Think: "What would a friend who just spent an hour on XHS tell me?"

---

## Quality Signals

**Trustworthy:**
- 100+ likes with real comments
- Detailed personal experience
- Multiple photos from actual visit
- Specific details (prices, hours)
- Recent posts (look for date mentions in content: "上周", "昨天", "2025年X月")
- Year in title (e.g., "2025上海咖啡必喝榜")

**Checking recency:**
- Look for dates in post text/title
- Check if prices seem current
- Comments mentioning "还在吗" or "现在还有吗" = might be outdated
- Comments with recent dates confirm post is still relevant

**Suspicious:**
- 广告/合作/赞助 markers
- Overly positive, no specifics
- Stock photos only
- No comments or generic ones
- Very old posts

---

## Timing & Efficiency

### XHS is SLOW — Plan Accordingly

The rednote-mcp CLI is slow (30-90s per search). Don't rapid-fire poll.

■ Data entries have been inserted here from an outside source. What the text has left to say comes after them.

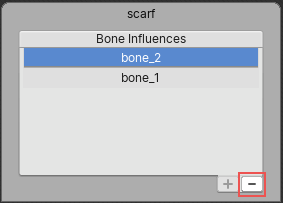 To add a bone as an influencer to the currently selected Sprite Mesh, select the bone in the editor window and select Add (+) to add it to the list.
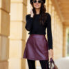 The Jackie skirt is made of a leather-like material, which is perfect for the autumn-winter season. The skirt was made in a trapeze shape, which looks good on any figure. The reinforced waist belt beautifully emphasizes the waist, and the mini length exposes the legs. An elastic band has been sewn into the back, which ensures a perfect fit and guarantees comfort. An additional asset of the skirt are pockets located on the sides. The skirt has a sewn-in lining. Jackie skirt will look great in autumn-winter styling with a voluminous oversize sweater and massive lace-up trappers, as well as in a more elegant look, combined with a shirt and boots on a pole. A large bag and a warm scarf will be a stylish complement to the whole look. The leather skirt is an excellent option for various occasions, from everyday meetings to elegant outings. The product is manufactured and sewn in Poland.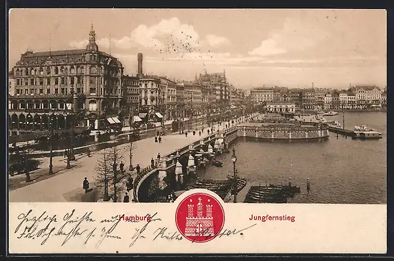 AK Hamburg-Neustadt, Der Jungfernstieg, Wappen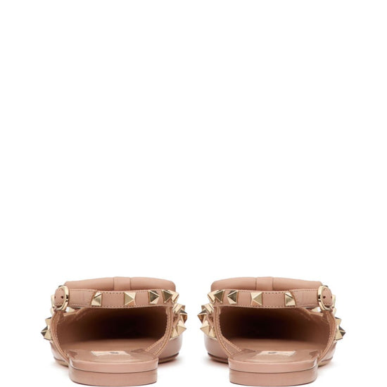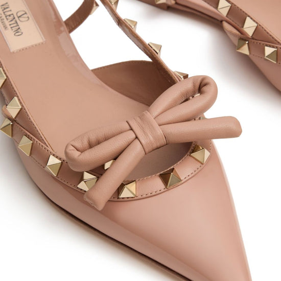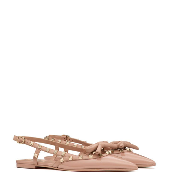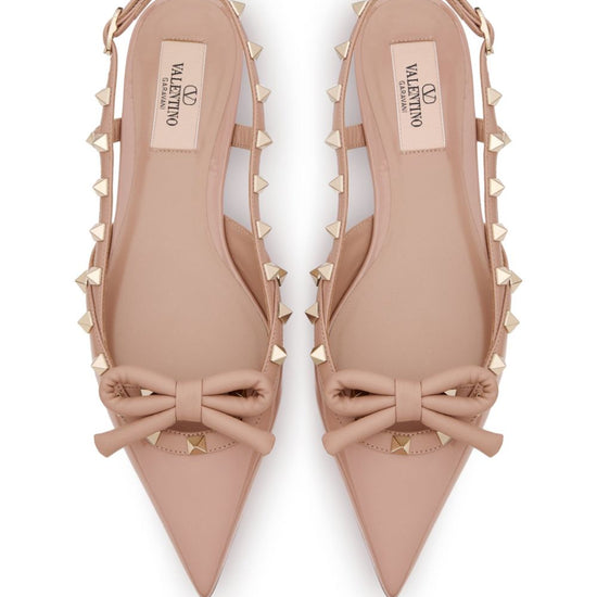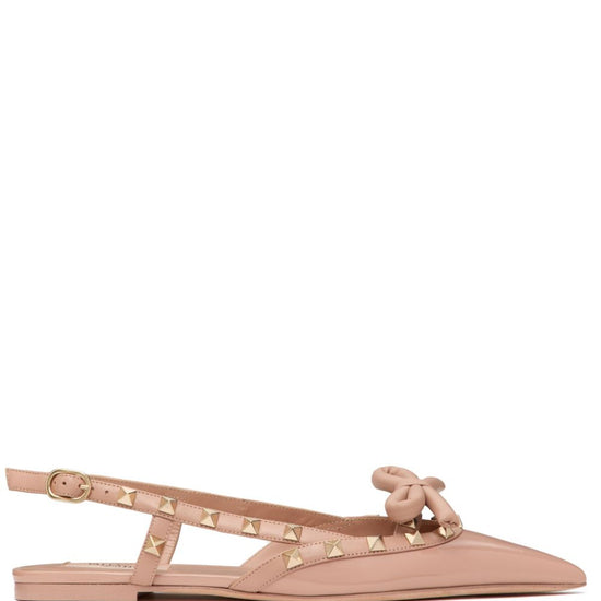 Rose pink calf leather/goatskin/lambskin signature rockstud detailing bow detailing pointed toe buckle-fastening slingback strap branded insole flat sole slingback rockstud ballet flat size and fit - heel 0,2 in / 0,5 cm
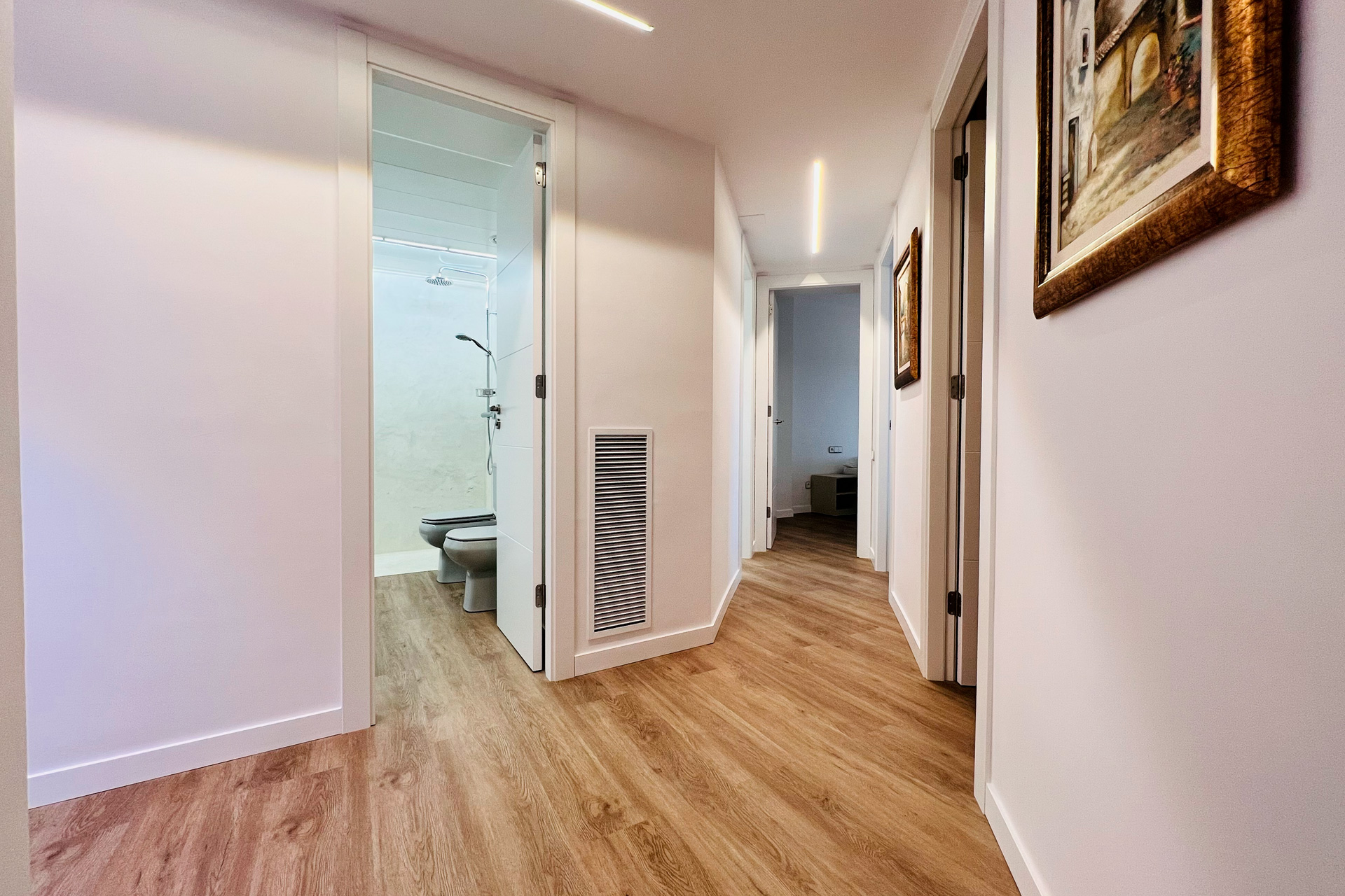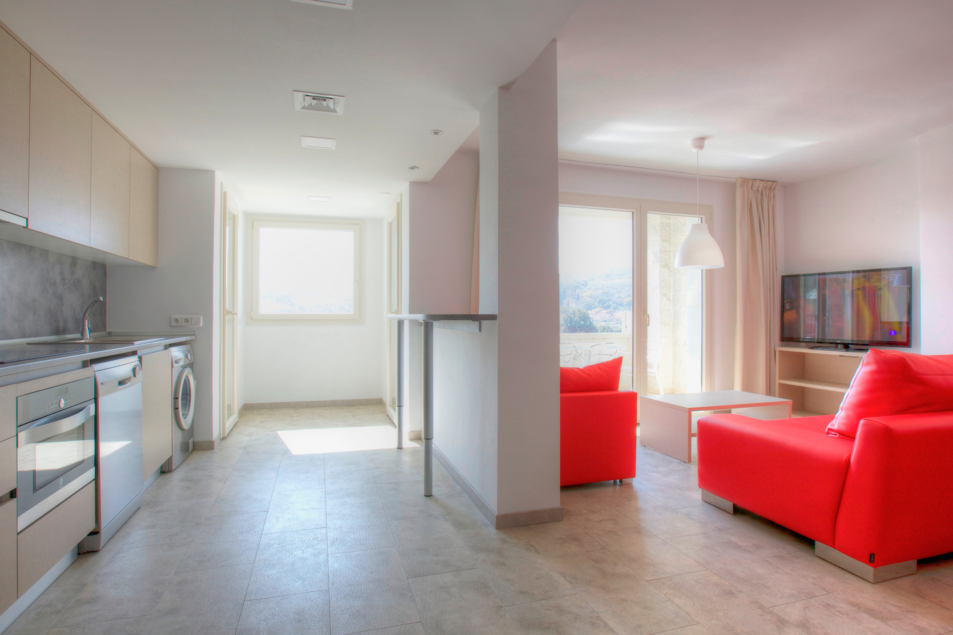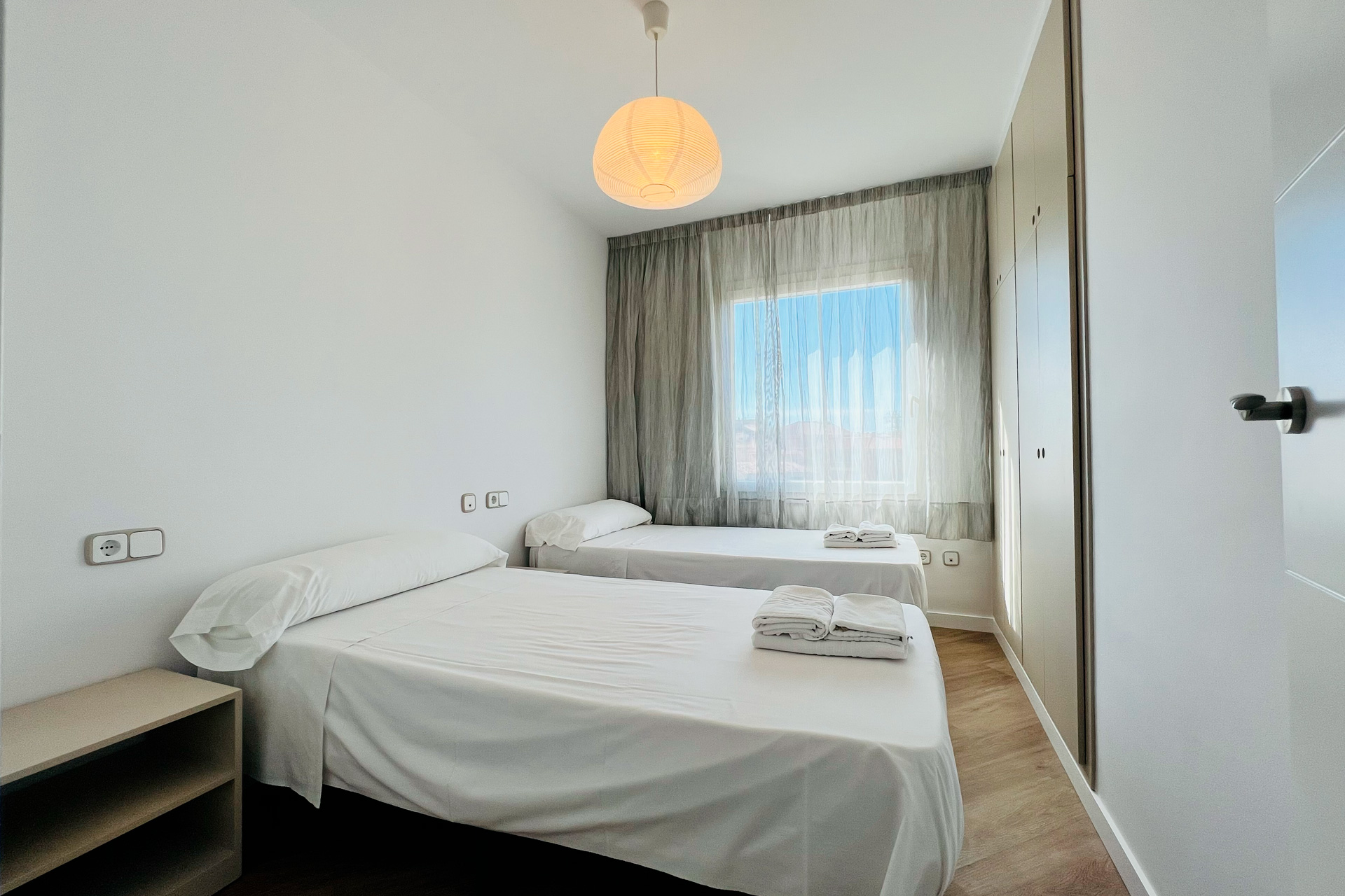 Conçu pour offrir un niveau de confort supérieur, cet appartement climatisé de 110 m² (situé au troisième étage sans ascenseur) a été rénové afin de garantir un séjour premium. Il dispose de 4 chambres pour 7 personnes, avec des matelas haut de gamme (32 cm avec mousse viscoélastique) pour un repos optimal. La cuisine est entièrement équipée avec lave-vaisselle et petits électroménagers supplémentaires. Le spacieux salon comprend une TV de 50″, de grands canapés et une cheminée décorative, avec accès à l’une des deux terrasses aménagées pour profiter de l’extérieur.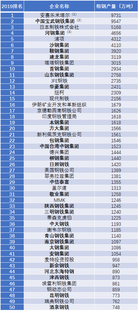 2019年全球50大鋼鐵企業(yè)排行榜發(fā)布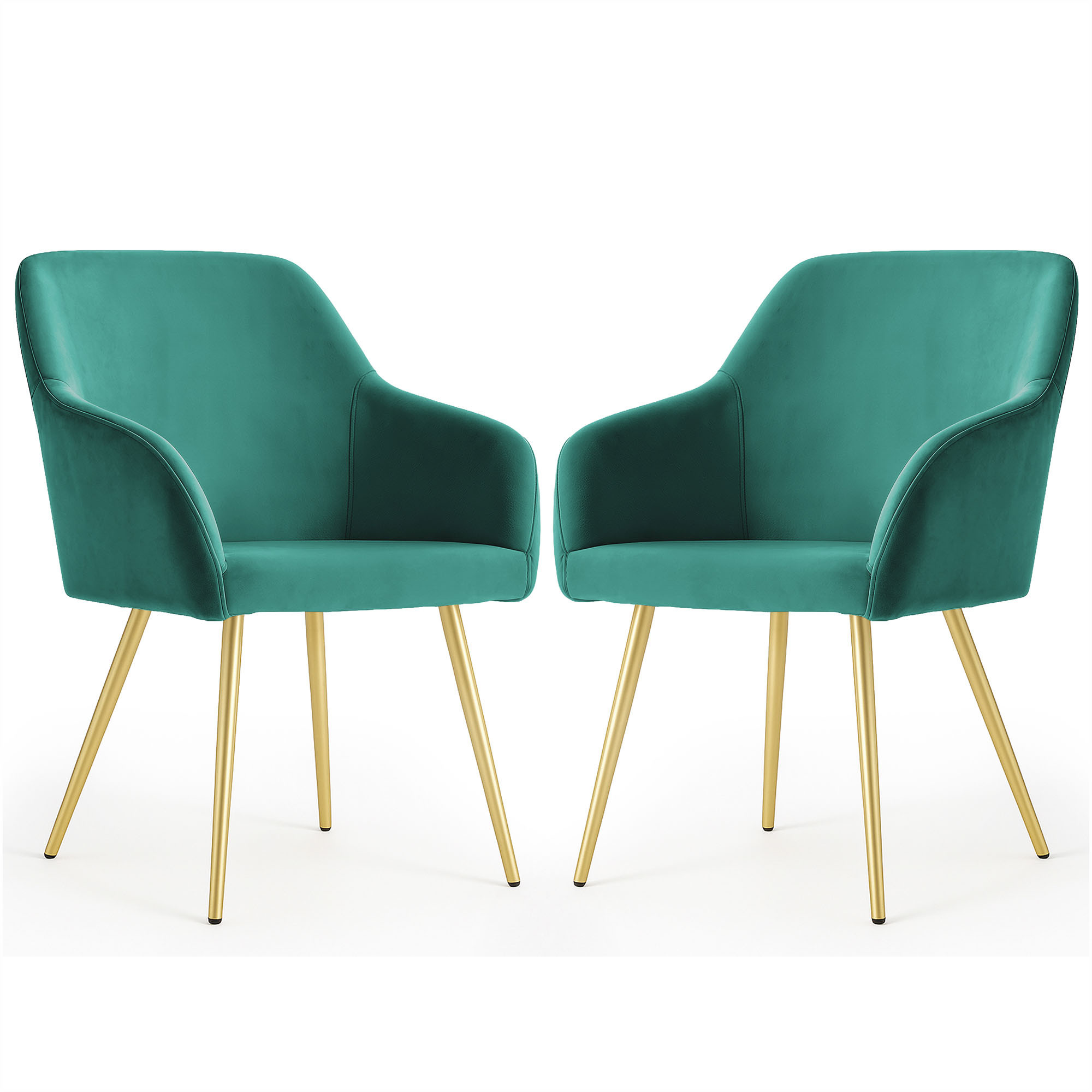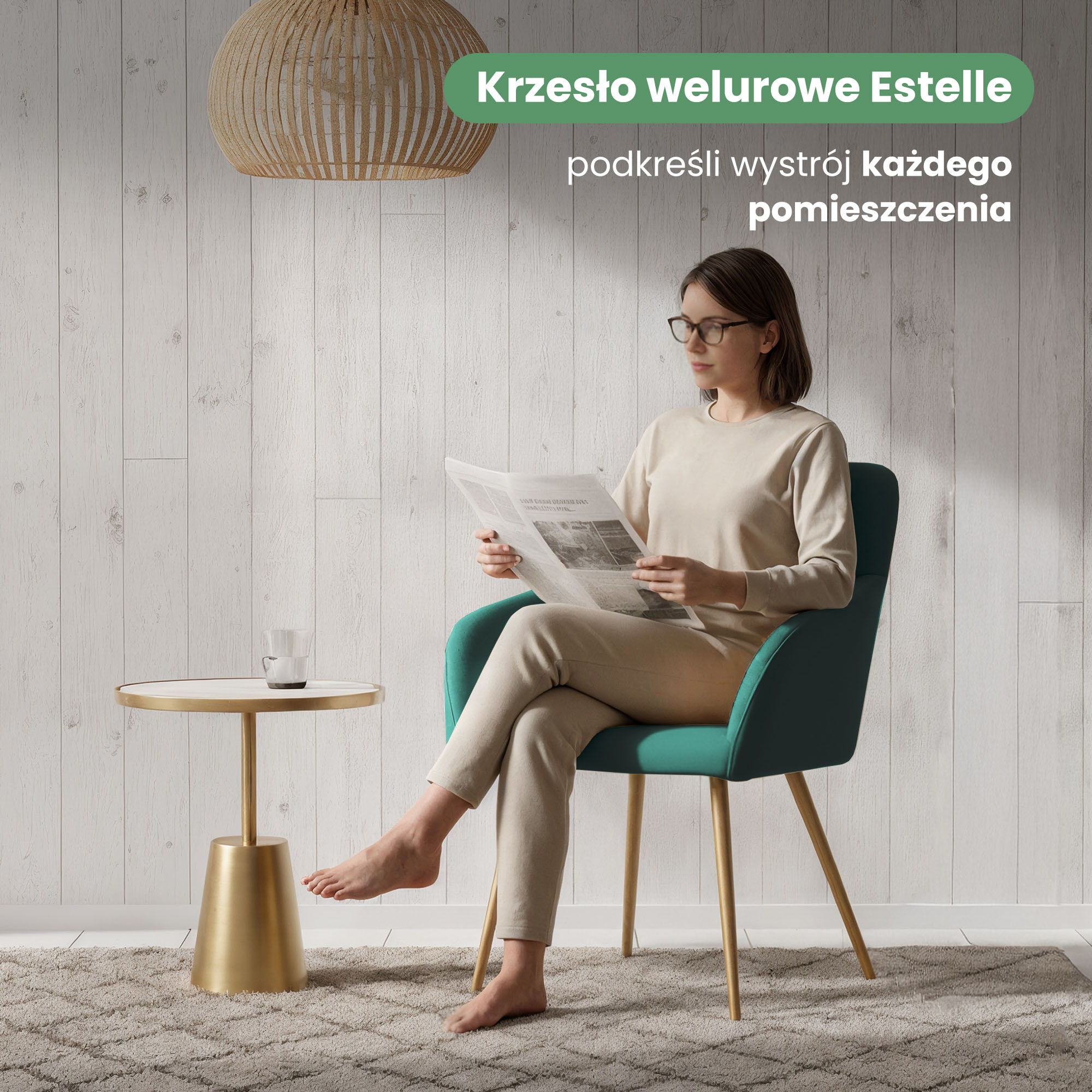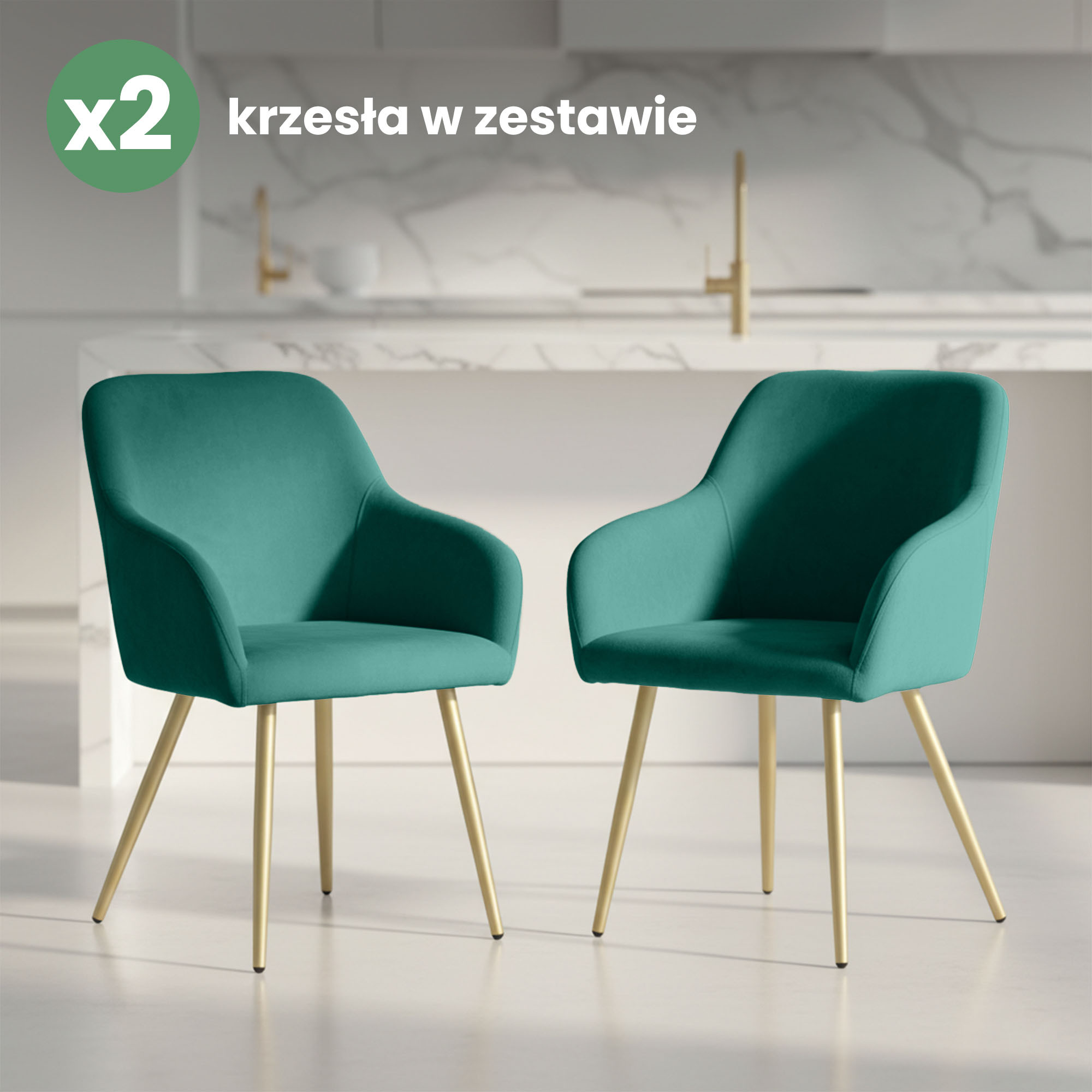 2x Welurowe krzesło tapicerowane gładkie Butelkowa Zieleń ESTELLE Złote nogi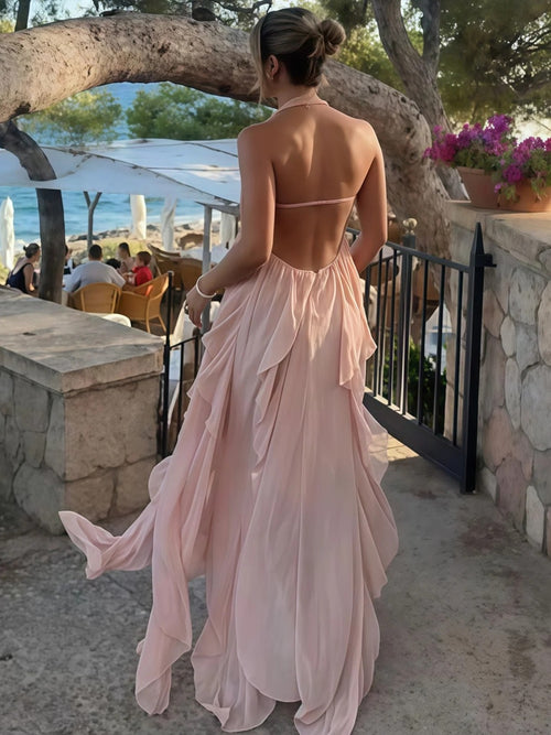 A-Line/Princess Tiered Halter Floor-Length Wedding Guest Dresses

**When running searches via `exec`:**
```bash
# GOOD: Give it time to complete
exec(command, yieldMs: 60000)  # Wait 60s before checking
process(poll)  # Then poll every 30s if still running
```

**DON'T:**
- Poll every 2-3 seconds (wastes tokens, no benefit)
- Start multiple searches simultaneously (overloads)
- Wait indefinitely without writing partial results

### Write Incrementally

Don't wait until you've analyzed everything to start writing. After each batch of 3-5 posts:
- Append findings to your output file
- This protects against timeout/termination losing all work

```markdown
## Findings (in progress)

### Batch 1: 美食搜索 (3 posts analyzed)
[findings...]

### Batch 2: 攻略搜索 (analyzing...)
```

### Time Budget Awareness

If you've been running 15+ minutes:
- Prioritize writing what you have
- Note incomplete searches in output
- Better to deliver 80% findings than lose 100% to termination

## Retry Pattern

rednote-mcp is slow. If a command times out:

```
Attempt 1: default timeout
Attempt 2: +60s
Attempt 3: +120s
```

If all fail, **report the failure**. Do NOT fall back to web_search — defeats the purpose.

---

## Error Handling

| Error | Cause | Fix |
|-------|-------|-----|
| Timeout | Network/XHS slow | Retry with longer timeout |
| Login/cookie error | Session expired | `xvfb-run -a rednote-mcp init` |
| 404 / xsec_token | Missing token | Use full URL from search |
| Empty results | No posts | Try different keywords |

---

## Setup & Maintenance

### First-Time Setup
```bash
npm install -g rednote-mcp
npx playwright install
/root/clawd/skills/xhs/patches/apply-all.sh
xvfb-run -a rednote-mcp init
```

### Re-login (when cookies expire)
```bash
xvfb-run -a rednote-mcp init
```

### After rednote-mcp updates
```bash
/root/clawd/skills/xhs/patches/apply-all.sh
```

---

## Role Clarification

**This skill** = Research tool that outputs structured findings
**Calling agent** = Synthesizes XHS + other sources into final reports, decides which images to embed

**You return:**
- Synthesized findings (text + images + comments → holistic view)
- Curated image paths (calling agent decides how to use them)
- Preserved human voice (opinions, vibes, tips)

**You don't:**
- Describe images in isolation ("I see a restaurant...")
- Generate final reports (that's the caller's job)
- Decide image layout/placement

XHS is like having a Chinese-speaking friend spend an hour researching for you. They'd give you facts, but also opinions, vibes, and insider tips. That's what you're capturing.

---

**Remember:** Research like a curious human. Explore, cross-reference, look at pictures, read comments. The "这家真的绝了" matters as much as the address.